いわゆる『3大シミ』とは・・・?それぞれの特徴と改善策について

老人性色素斑とは、これまで浴びてきた紫外線が原因で現れるシミのことです。いくつか種類があるシミの中でも、よくみられるのがこの老人性色素斑です。加齢と共に徐々に現れてくることが多く、日本人だと40歳前後から現れやすい傾向にあります。ただ、肌が白い人や、若いうちから紫外線を浴びる機会が多かった人などでは、20代で現れることもあります。
一般的には薄茶色で輪郭がはっきりした類円形のものですが、いびつな形のものもあります。5~20mm程の大きさで、年齢と共に色が濃くなったり、大きくなったりします。

老人性色素斑の治療法としては、レーザー治療、薬物治療、ケミカルピーリングなどがあります。レーザー治療はスピーディーですが、直径1cmで1万円程度といった高めの料金相場となっています。薬物治療は、ハイドロキノンやトレチノインなどの外用薬と内服薬を併用して行われることが多いです。ケミカルピーリングは、古い角質層を落として肌のターンオーバーを正常化させる効果が期待できます。

老人性色素斑は一度できてしまうと、治療に費用や時間がかかるのが厄介なところです。そのため、日頃から日焼け止め、日傘、帽子、アームカバー、サングラスなどを活用して紫外線対策を行い、シミを作らないようにすることが大切です。
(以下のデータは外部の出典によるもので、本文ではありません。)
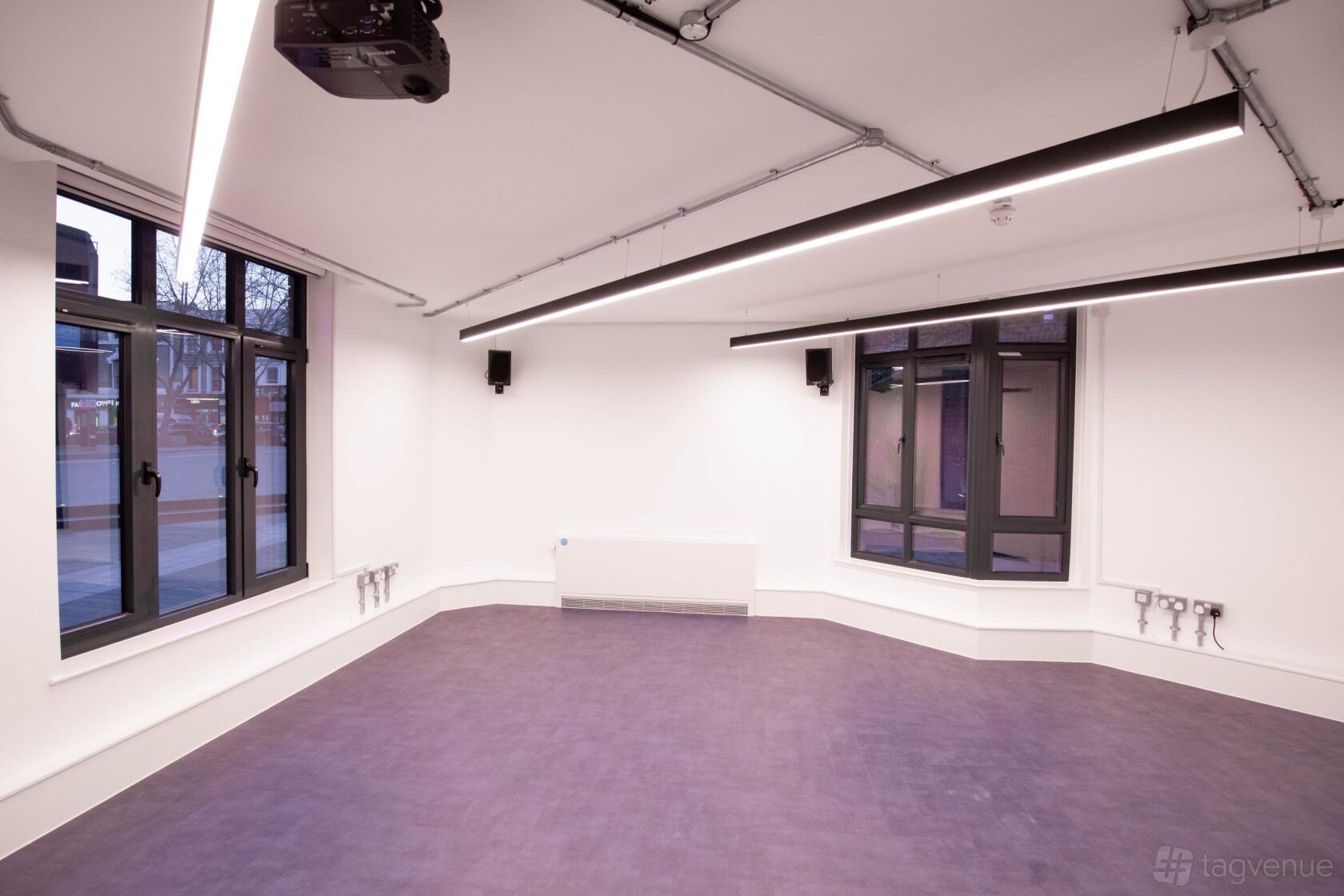 Studio 1 is a multi-purpose room, ideal for classes, film screenings, meetings or small gatherings. It has two windows overlooking the World's End Piazza, each with electronic blackout blinds if you need more privacy.

炎症後色素沈着は、皮膚の炎症が原因で現れるシミのことです。皮膚の炎症は、ニキビや虫刺され、火傷、アトピー性皮膚炎、湿疹、あせも、化粧品かぶれなどから引き起こされます。こうした炎症によって合成されたメラニン色素が、排出されず残ったままの状態になるのが炎症後色素沈着です。皮膚の炎症が治まって赤みが引いてから現れるのが特徴です。
炎症後色素沈着は一過性なので、紫外線を浴びないようにしたり、刺激を与えないようにしていれば、半年から数年ぐらいで自然に消えることが多いです。ただし炎症の度合いによっては、色素沈着が消えるまでにはかなりの年数を要することもあります。

炎症後色素沈着には、美白成分が配合されている美白化粧品がとても有効です。中でも、ビタミンC誘導体やハイドロキノンといった美白成分は特に高い効果が期待できます。ターンオーバーを整える効果のあるケミカルピーリングを美白化粧品とセットで行うことで、相乗効果を得られるようになります。この他、イオン導入によってビタミンC誘導体やプラセンタエキスなどの肌への浸透性を高める方法も効果的です。

炎症後色素沈着の場合、基本的にレーザー治療は不向きとされています。レーザーによってさらに炎症が悪化し、シミが消えるまでにもっと時間がかかってしまうことがあるからです。ただ中には、炎症後色素沈着に有効なレーザー治療もあります。希望するのであれば、その治療法を導入しているクリニックで相談してみるといいでしょう。

脂漏性角化症
は、老人性疣贅や老人性イボとも呼ばれ、皮膚の老化現象による良性腫瘍の1つです。紫外線の影響によって肌が老化し、皮膚細胞が変性することで発症しやすくなります。加齢と共に急激に発症率が高くなるものですが、早い人では20代に発症することもあります。

色は褐色や黒褐色など様々で、数ミリのものから2~3cmを超えるものまであります。平らなものや盛り上がっているものなど形も様々ですが、触るとザラザラしているのが特徴です。ホクロやシミ、皮膚ガンと見分けがつきにくいので、素人目では判断が難しいです。無症状であることがほとんどですので、特に気にならない場合には治療する必要はありません。ただし、脂漏性角化症が短期間で急に発生したり、痒みがある場合は、内臓疾患を引き起こしている可能性があるので要注意です。

脂漏性角化症の治療に適していると言われているのは、炭酸ガスレーザー(CO2レーザー)治療法です。症状によってQスイッチレーザーと使い分ける病院もあります。ただし、保険が適用されにくい治療法なので、全額負担となる可能性が高いです。

この他、液体窒素による凍結療法も有効です。これはイボによく用いられる治療法です。患部に液体窒素を染み込ませた綿棒を押し当てて、急速に冷凍することで患部がかさぶたとなり、1週間ぐらいで剥がれ落ちます。ただ1回では完全に取りきれないことも多く、その場合は数回行う必要があります。この他にも、電気メスによる電気焼灼や、手術による切除縫合法といった治療法もあります。